“Dressage… what on earth is dressage?” Any Canadian dressage rider can agree that practically every time we mention our sport to someone it must be followed by a lengthy explanation, an explanation that is usually received with confusion. I usually just deliver a very quick, unsophisticated description so as not to lose their attention mid-sentence. “Dressage is a fancy equestrian sport involving top hats and dancing horses.” Truthfully, to summarize dressage in a way that non-riders can understand is a challenging task, but here is my best attempt.
“Dressage is a fancy equestrian sport involving top hats and dancing horses,” according to Canadian Equestrian Pamela Menzies.
“Dressage” is a French term meaning, “training,” and can be traced back to the 17th Century Renaissance era. Dressage has been described as the highest form of training and is the platform for flat work in many other equestrian sports including show jumping and eventing. The goal of dressage riders is to enhance and develop the natural movement, balance, suppleness, athleticism, and obedience of the horse. High quality dressage has been likened to a ballet or dance between horse and rider. The horse gives the impression of doing the movements on his own accord, but the rider is discretely delivering aids (cues) to the horse through use of their legs, seat, and hands.
Modern dressage competitions range from very basic “training levels” all the way up to the Grand Prix (Olympic level). Riders and horses are asked to perform from memory a series of movements in a 60 x 20m flat arena marked with letters that indicate where movements should begin and end. Every movement is graded out of 10, with greater weight being placed on specific movements throughout the test. Scores from each segment of the test are added up and converted to a percentage of the total marks achievable. There is a general consensus that any score higher than 60% is a ‘good’ score, although certain wizards of dressage such as Charlotte Dujardin and her horse Valegro have been known to achieve scores upwards of 90% in the Grand Prix.
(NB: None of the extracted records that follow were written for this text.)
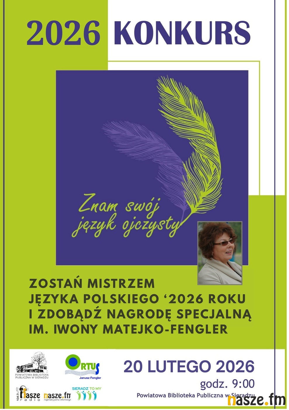 To propozycja biblioteki powiatowej w Sieradzu, która zaprasza po raz dziewiąty do udziału w konkursie "Znam swój język ojczysty". Jest adresowany do uczniów klas ósmych szkół podstawowych i klas pierwszych szkół średnich.
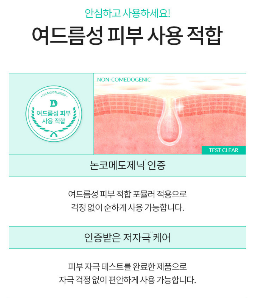 113 모이스트라이저 역시 불필요한 향료나 색소를 배제하고, 피부과 테스트를 완료한 더마 제품입니다.
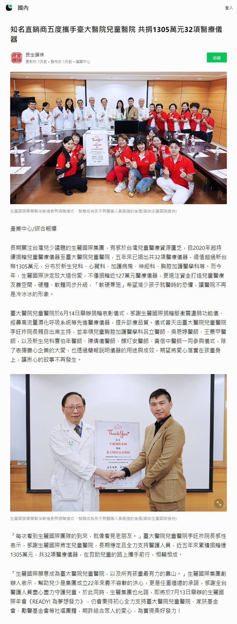 2024-6-17 LINE TODAY【知名直銷商五度攜手臺大醫院兒童醫院 共捐1305萬元32項醫療儀器】
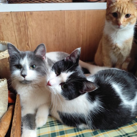 Vi är 3 hanar och 1 hona, vi är mycket sociala och sällskapliga. Vi älskar att busa och leka men vi älskar även att få krypa upp jämte i soffan på en mysig filt och bara få sova. Vi älskar barn då vi ha fått växa upp med barn. Vi är rumsrena och gå på lådan, vi äter både torrfoder och blötmat.
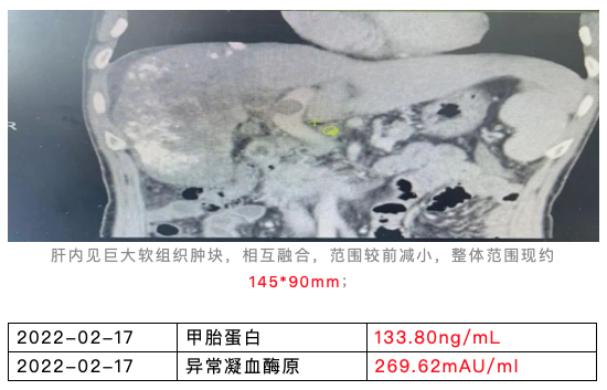 程先生治療后自覺體力和精力都有所提升。治療的效果和醫(yī)生的開導(dǎo)讓他更加充滿信心,他積極配合治療。在2022年2月17日再次來我院檢查,檢查結(jié)果讓程先生看到了希望,腫瘤和轉(zhuǎn)移較前縮小,介入治療給了他二次生命。在完善相關(guān)檢查后,于2022年2月23日再次在局麻下行TACE聯(lián)合HAIC治療并抗病毒及口服“侖伐替尼”治療。
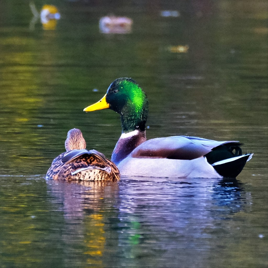 Mallards are ubiquitous and the drakes are all in full plumage now. Here’s a drake keeping an eye on me while his hen, or the hen that allows him to swim around with her for now, continues foraging. Gotta love that iridescent green, eh?
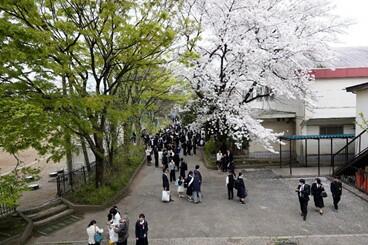 満開の桜の中、緊張の面持ちで、期待に胸を膨らませた新入生たちが東中生として初登校。
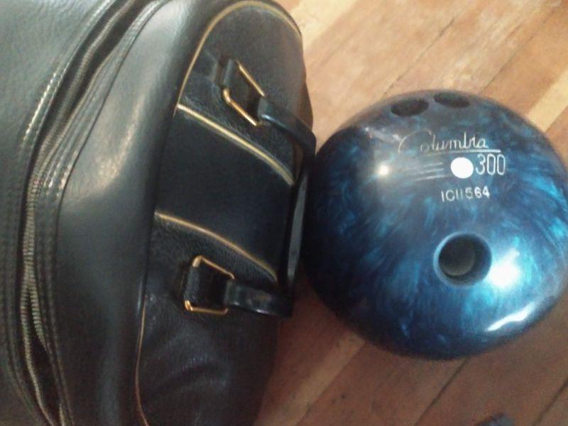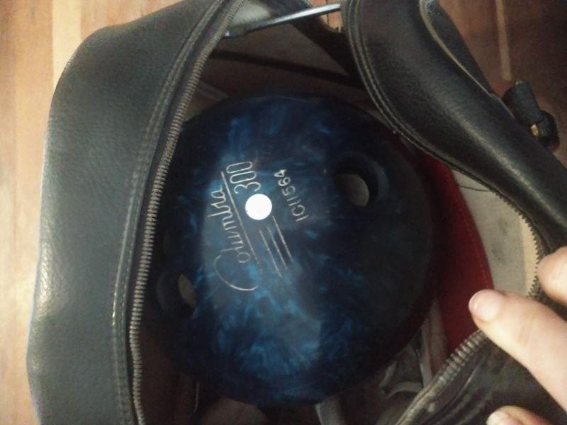 300 Columbia White dot bowling ball, bag, shoes, and ball rack.
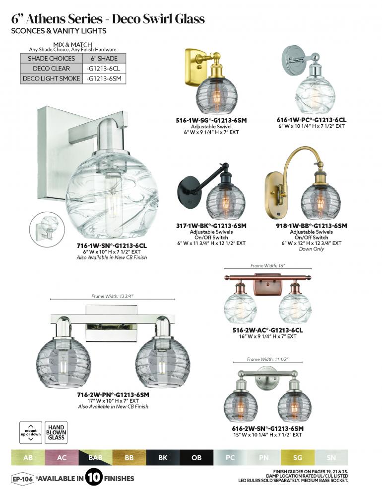 Athens Deco Swirl - 1 Light - 6 inch - Brushed Satin Nickel - Light Smoke Deco Swirl Shade - Sconce
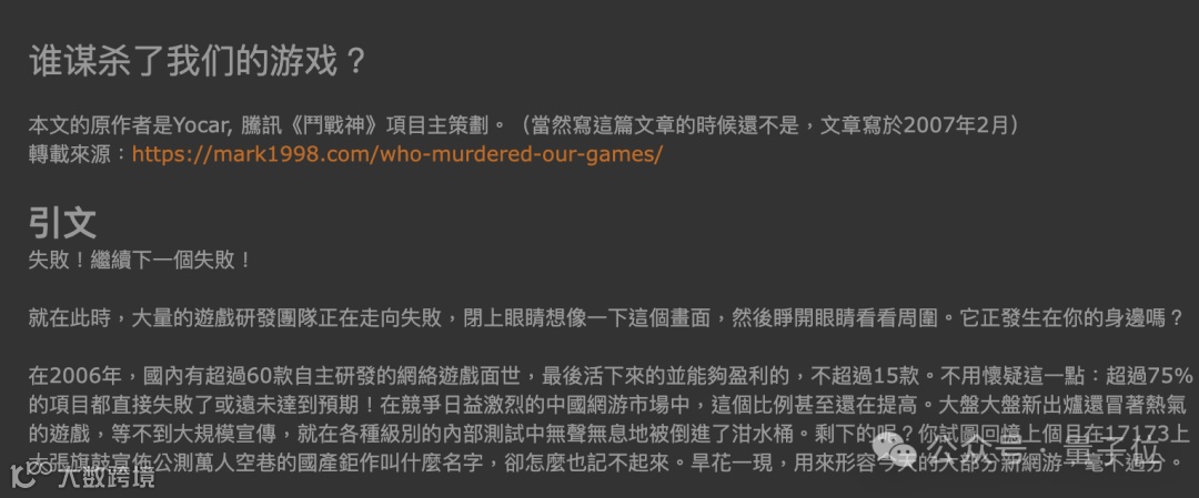 入行不久,他就写过一篇「谁谋杀了我们的游戏」里面不乏对于现代游戏发展的思考。开篇就是:失败!继续下一个失败!
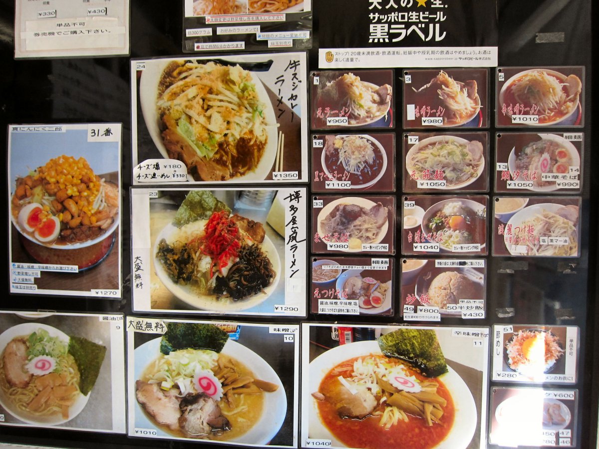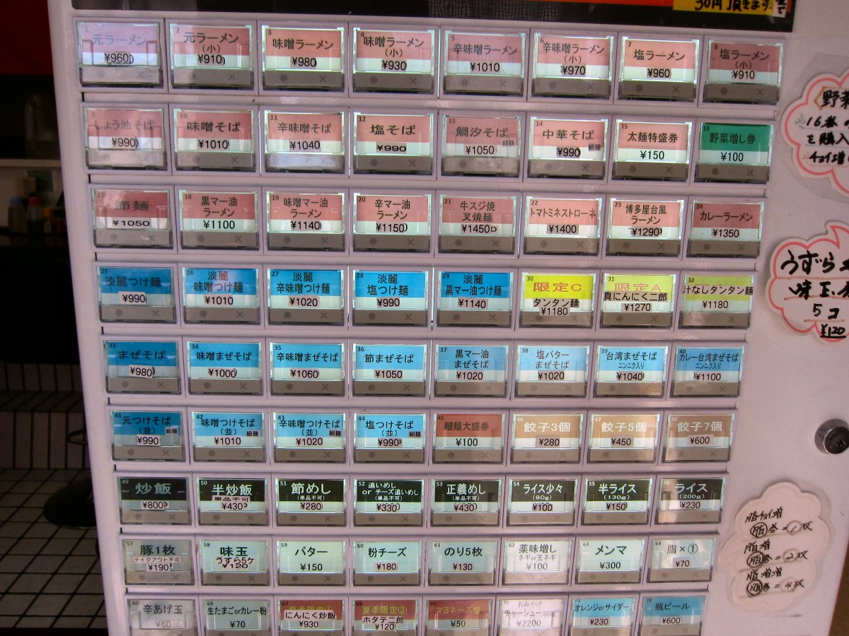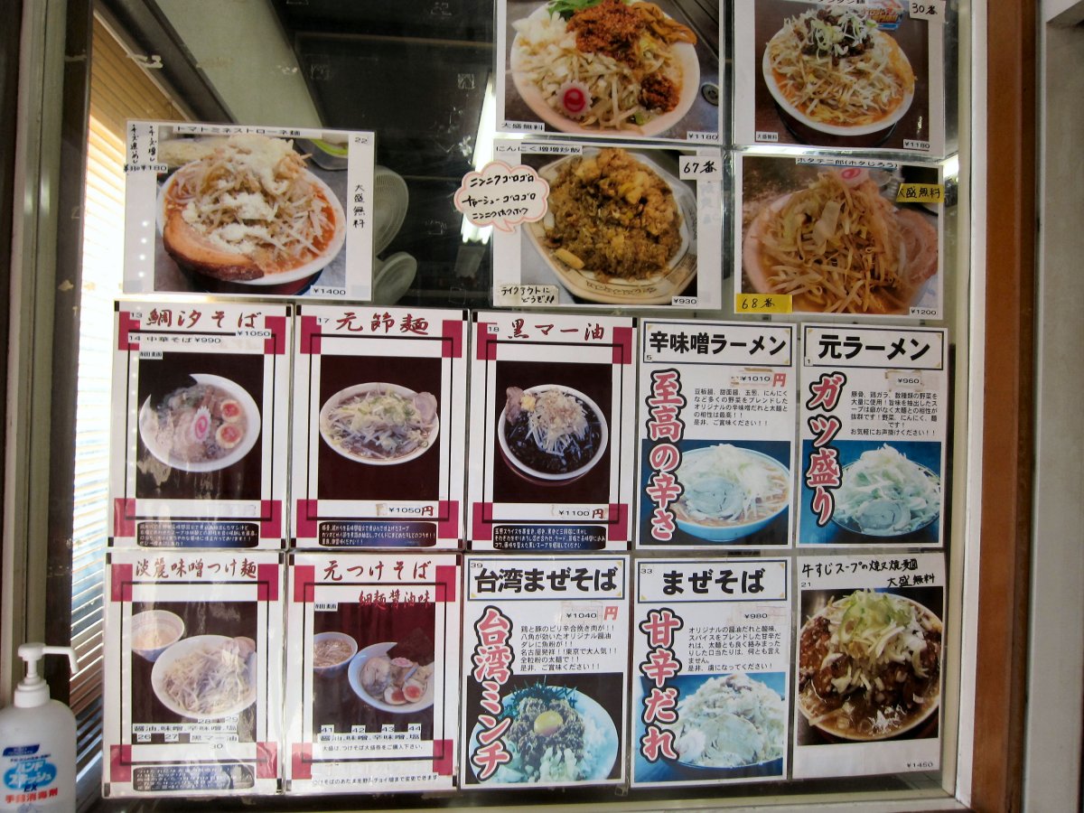 注文は入口の券売機で食券を買う方式。二郎系の元ラーメン以外にもたくさんのメニューが並んでいて、迷ってしまいます。とはいえ、基本の元ラーメンを食べようかと… でも、食べ切れるかな?と、思って元ラーメンの小にしたんだけど、聞いたら、小は麺量120gとのことでけっこう少なめとのことなので、普通にしてもらいました。 |

The favorite event of a dressage show is the musical freestyle or “Kur.” In this event, riders exhibit their artistry and personal style to choreographed arrangements of the elements of a dressage test to music that is well suited to the horse’s movement and character.
Dressage is a game of patience and extended commitment. It consists of several thousands of hours of training and years to develop the necessary strength and resilience to enable the horse to perform very difficult movements with grace. Not to mention the time it takes for riders to truly begin mastering their technique. Crystal Kroetch, a Canadian Grand Prix dressage rider and Pan American Games silver medalist, often compares riding to juggling. The better you become as a rider, the more balls you need to be able to juggle. While basic riding requires you to juggle 2 or 3 balls, Grand Prix riders juggle about 50 at a time. Dressage is a never-ending process of learning for both horse and rider. It requires exceptional dedication, commitment, and patience but the satisfaction of learning to dance with a 1300 pound free spirit is unlike anything else in the world.